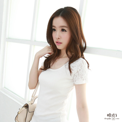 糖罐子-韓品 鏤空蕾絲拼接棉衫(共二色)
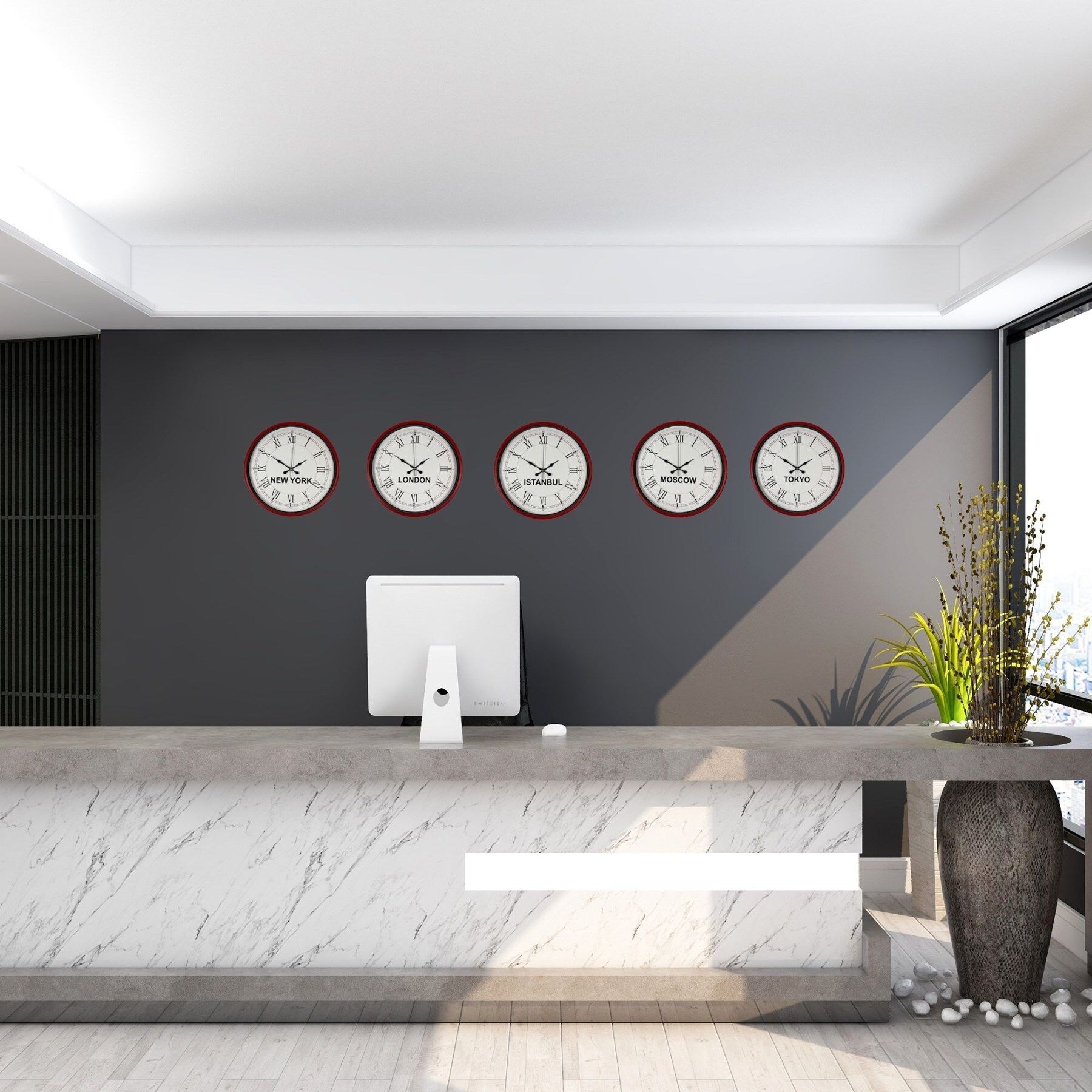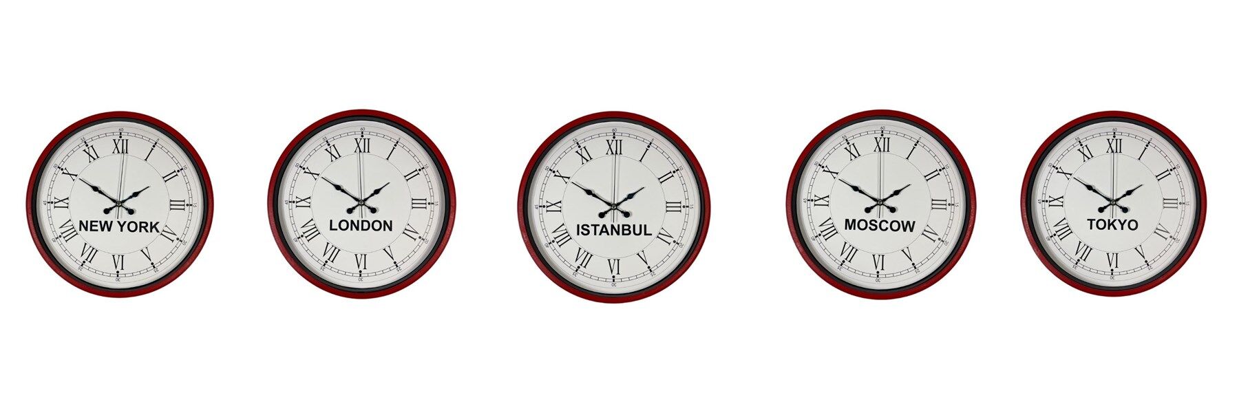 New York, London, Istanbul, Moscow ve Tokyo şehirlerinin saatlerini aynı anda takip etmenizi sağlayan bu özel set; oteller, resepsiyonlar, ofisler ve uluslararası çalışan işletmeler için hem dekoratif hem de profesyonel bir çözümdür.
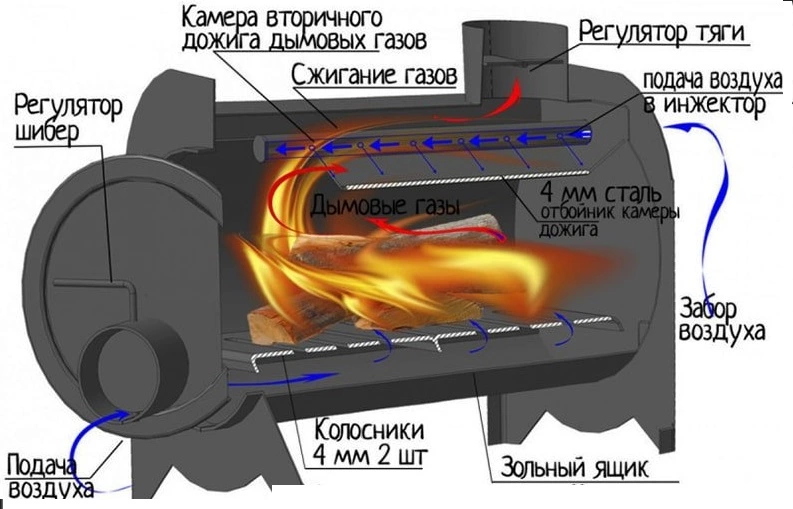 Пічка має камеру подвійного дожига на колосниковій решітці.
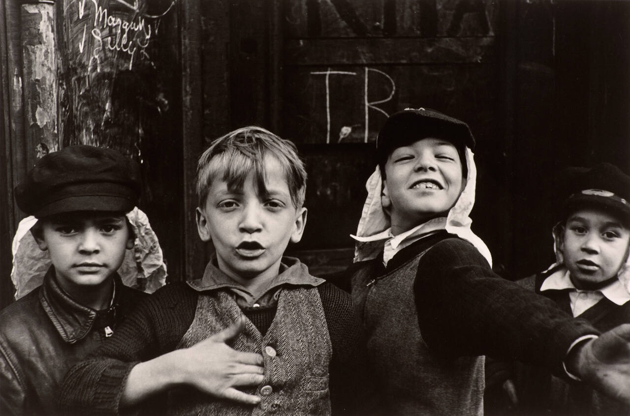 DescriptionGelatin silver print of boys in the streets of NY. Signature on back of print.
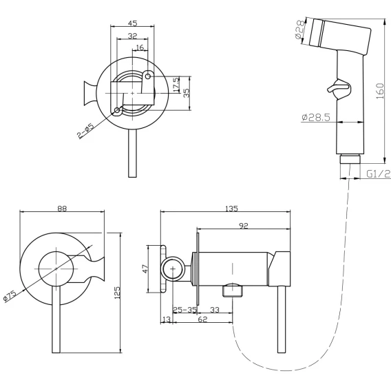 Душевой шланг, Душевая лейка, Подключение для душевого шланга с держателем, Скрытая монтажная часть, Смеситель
----
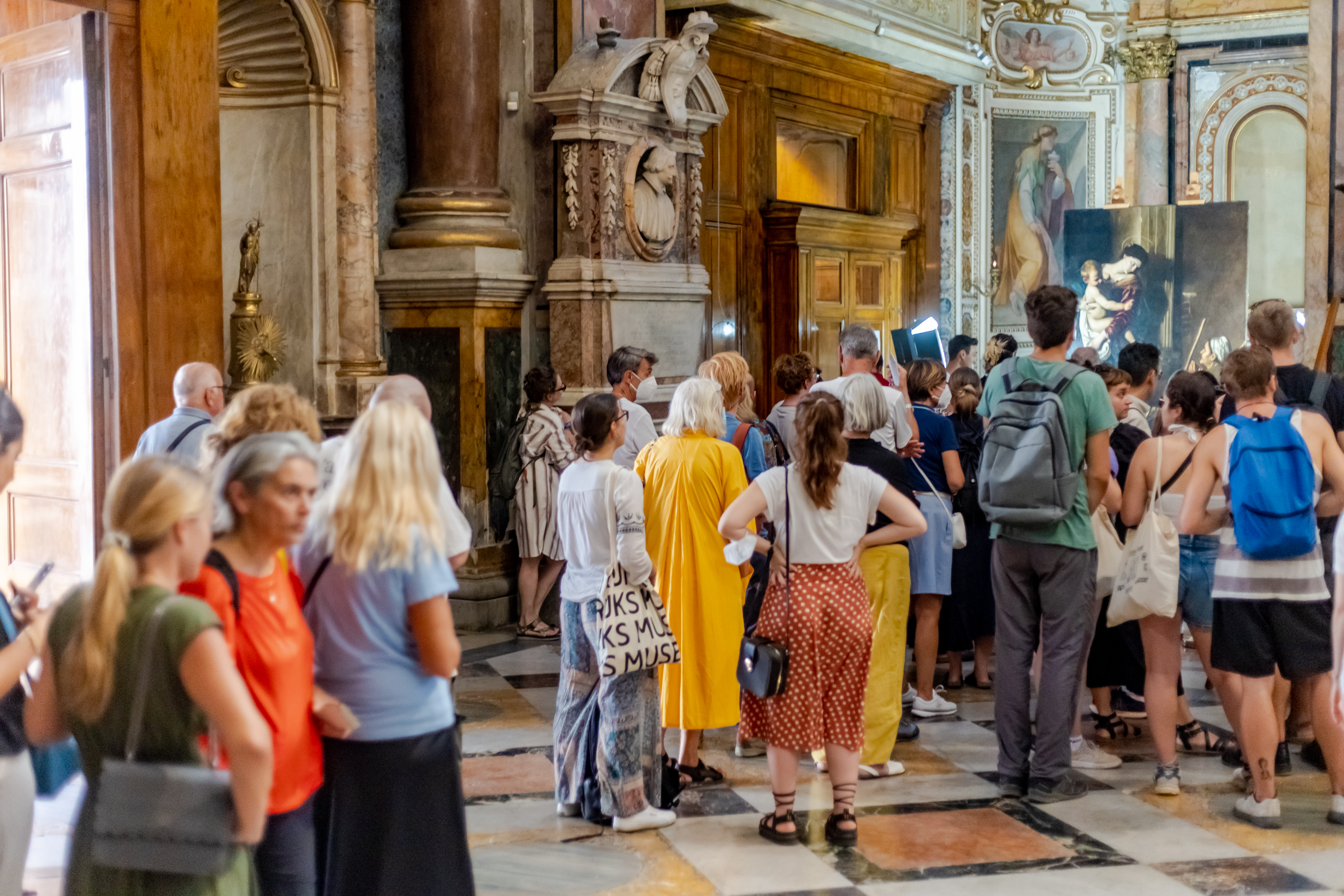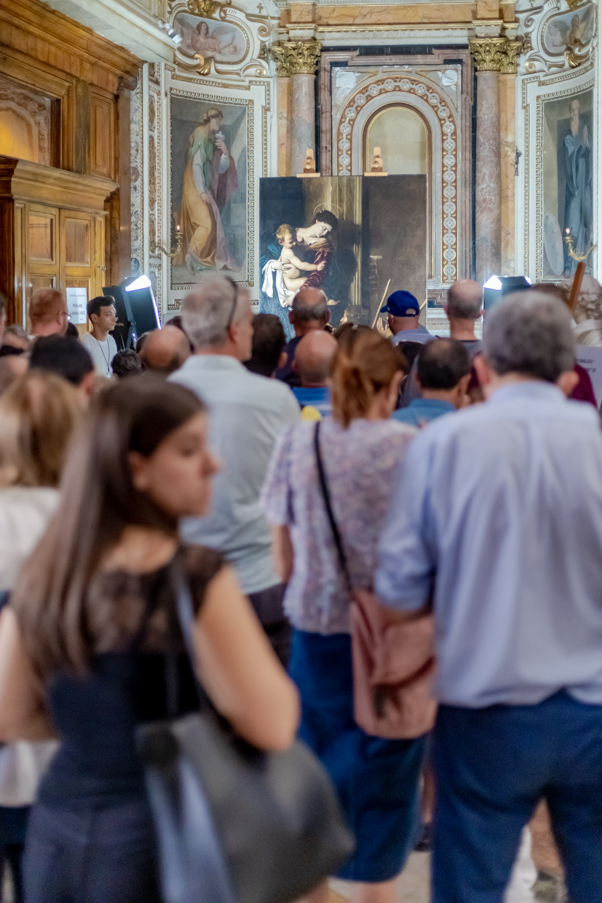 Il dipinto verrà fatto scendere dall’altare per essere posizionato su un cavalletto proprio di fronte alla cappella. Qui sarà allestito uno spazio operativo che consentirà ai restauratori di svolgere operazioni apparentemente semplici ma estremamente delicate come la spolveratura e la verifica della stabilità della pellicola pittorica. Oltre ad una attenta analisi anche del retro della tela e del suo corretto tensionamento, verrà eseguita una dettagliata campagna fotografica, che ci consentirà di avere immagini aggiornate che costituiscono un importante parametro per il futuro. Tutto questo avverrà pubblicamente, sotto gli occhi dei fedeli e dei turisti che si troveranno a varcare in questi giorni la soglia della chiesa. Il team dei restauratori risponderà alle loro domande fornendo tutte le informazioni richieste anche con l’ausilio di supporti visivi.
----
EXERCISE PROMPT:
Print, exactly and with no pictures, the lines of the listing above starting at the one that has "糖罐子-韓品 鏤空蕾絲拼接棉衫(共二色)" and ending at the one that has "Душевой шланг, Душевая", both included.

REPLY:
 糖罐子-韓品 鏤空蕾絲拼接棉衫(共二色)
 New York, London, Istanbul, Moscow ve Tokyo şehirlerinin saatlerini aynı anda takip etmenizi sağlayan bu özel set; oteller, resepsiyonlar, ofisler ve uluslararası çalışan işletmeler için hem dekoratif hem de profesyonel bir çözümdür.
 Пічка має камеру подвійного дожига на колосниковій решітці.
 DescriptionGelatin silver print of boys in the streets of NY. Signature on back of print.
 Душевой шланг, Душевая лейка, Подключение для душевого шланга с держателем, Скрытая монтажная часть, Смеситель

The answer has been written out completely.